R正则表达式 - 在括号之间分割

时间:2015-08-18 17:46:39

标签: regex r

假设我有一个字符串x,我想像这样拆分它:

x <- "(A|C|T)AG(C|T)(A|C|G|T)(A|C|G|T)(A|C|G|T)(A|C|G|T)(A|C|G|T)GCC(C|T)(A|C|G|T)(A|C|G|T)(A|C|G)"

# Desired output
[1]  "(A|C|T)"  "A"  "G"  "(C|T)"  "(A|C|G|T)"  "(A|C|G|T)"  "(A|C|G|T)"  
[8]  "(A|C|G|T)"  "(A|C|G|T)"  "G"  "C"  "C"  "(C|T)"  "(A|C|G|T)"  
[15] "(A|C|G|T)"  "(A|C|G)"  

我正在使用此分割功能,但我无法分割不在括号中的字符串。处理这个正则表达式问题的最佳方法是什么?

splitme <- function(x) {
  x <- unlist(strsplit(x, "(?=\\()", perl=TRUE))
  x <- unlist(strsplit(x, "(?<=\\))", perl=TRUE))
  for (i in which(x=="(")) {
    x[i+1] <- paste(x[i], x[i+1], sep="")
  }
  x[-which(x=="(")]
}

splitme(x)
 [1] "(A|C|T)"   "AG"        "(C|T)"     "(A|C|G|T)" "(A|C|G|T)" "(A|C|G|T)" "(A|C|G|T)" "(A|C|G|T)" "GCC"      
[10] "(C|T)"     "(A|C|G|T)" "(A|C|G|T)" "(A|C|G)"  

3 个答案:

答案 0 :(得分:3)

这样的事情应该有效:

> library(stringi)

> unlist(stri_extract_all_regex(x, "\\([ACGT\\|]*\\)|[ACGT]"))
 [1] "(A|C|T)"   "A"         "G"         "(C|T)"     "(A|C|G|T)" "(A|C|G|T)"
 [7] "(A|C|G|T)" "(A|C|G|T)" "(A|C|G|T)" "G"         "C"         "C"        
[13] "(C|T)"     "(A|C|G|T)" "(A|C|G|T)" "(A|C|G)"  
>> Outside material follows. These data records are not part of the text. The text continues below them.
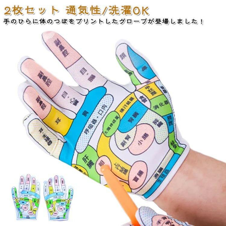 手ツボ押し ツボが見える手袋 疲れ緩和 2枚セット 両面印刷ツボ ストレス解消 通気性 手のひら 柔・・・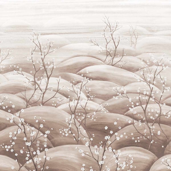 Le papier peint Sakura de Masureel déploie un paysage panoramique inspiré de l’estampe japonaise. Dans une composition harmonieuse, des branches de cerisier en fleur traversent un relief doux, presque onirique. La surface structurée révèle un motif floral suspendu, entre brume et silence. Chaque détail saisit une nature immobile, propice à une atmosphère apaisée et contemplative.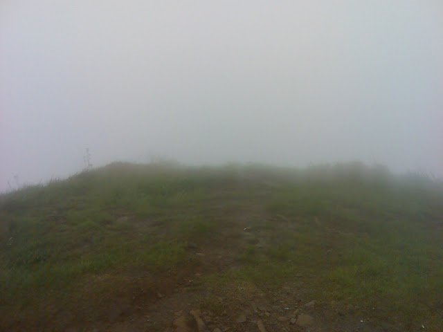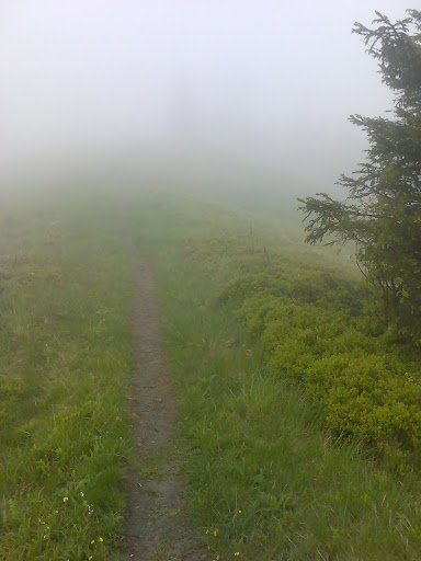 йду далі, стараюсь час від часу бігти... "голубятьня! Пля, а тепер слухай мою команду! Вгору!!!" йдуть-йдуть, але дуже повільно... ну ще трішки лишилося... за кожним пагорбом намагаюсь видивитись хрест...фіг там все в тумані!!! "Де той хрест???" ... бойовий дух починає... ноги щораз менше слухаються... знову спуск..."та скільки можна???!!", вже підкрадаються різні думки..." може я його пропустив??? ото було б сміху..."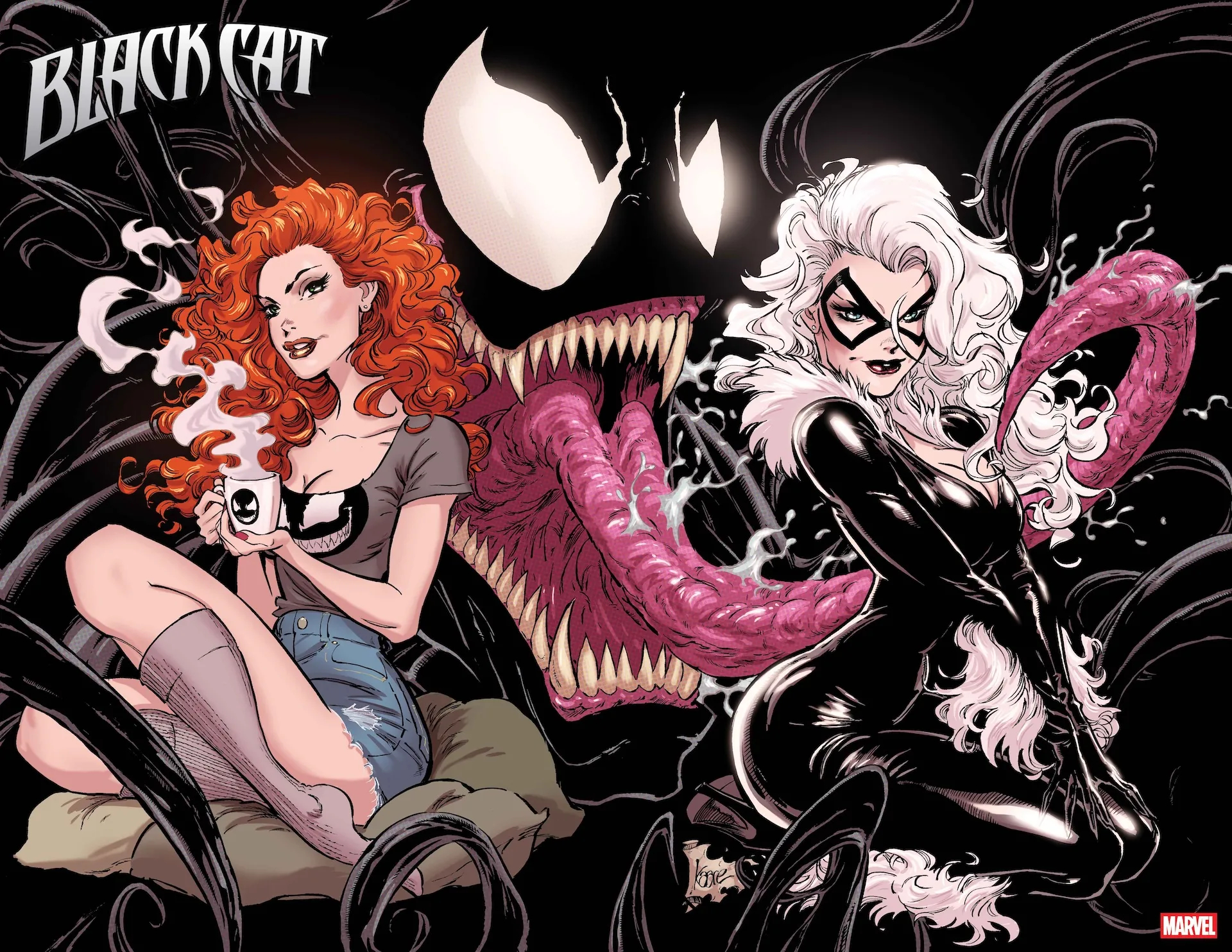 Вот только есть нюанс. Кошка пока не в курсе, что Мэри сейчас — новый Веном. Так что дружеская встреча рискует превратиться в весьма нервный тройничок. Восхитится ли Фелиция тем, что ЭмДжей стала супергероиней-симбиотом? Или присутствие такого чёрного напарника уничтожит доверие? Художник Каре Эндрюс представил эту троицу на эффектном варианте обложки-диптиха для седьмого и восьмого выпусков.

\\([ACGT\\|]*\\)将匹配括号中的所有内容和[ACGT]剩余的基数。

答案 1 :(得分:2)

您似乎希望在每个)后分隔字符串,并在每个字母之后分隔另一个字母或(。如果这是您想要的行为,您可以使用:

pat <- "(?<=\\))|(?<=[[:alpha:]])(?=[[:alpha:]\\(])"
strsplit(x, pat, perl=TRUE)[[1]]
#  [1] "(A|C|T)"   "A"         "G"         "(C|T)"     "(A|C|G|T)" "(A|C|G|T)"
#  [7] "(A|C|G|T)" "(A|C|G|T)" "(A|C|G|T)" "G"         "C"         "C"        
# [13] "(C|T)"     "(A|C|G|T)" "(A|C|G|T)" "(A|C|G)" 

答案 2 :(得分:1)

要拆分单个字母,您只需运行strsplit(x, "")即可。您所要做的就是确保不要将其应用于“已完成”的字符串(即带括号的字符串)。

y = splitme(x)
Indices = !which(grepl(y, "\\("))
y[Indices] = strsplit(y[Indices], "")
unlist(y)
 [1] "(A|C|T)"   "A"         "G"         "(C|T)"     "(A|C|G|T)" "(A|C|G|T)" "(A|C|G|T)" "(A|C|G|T)"
 [9] "(A|C|G|T)" "G"         "C"         "C"         "(C|T)"     "(A|C|G|T)" "(A|C|G|T)" "(A|C|G)"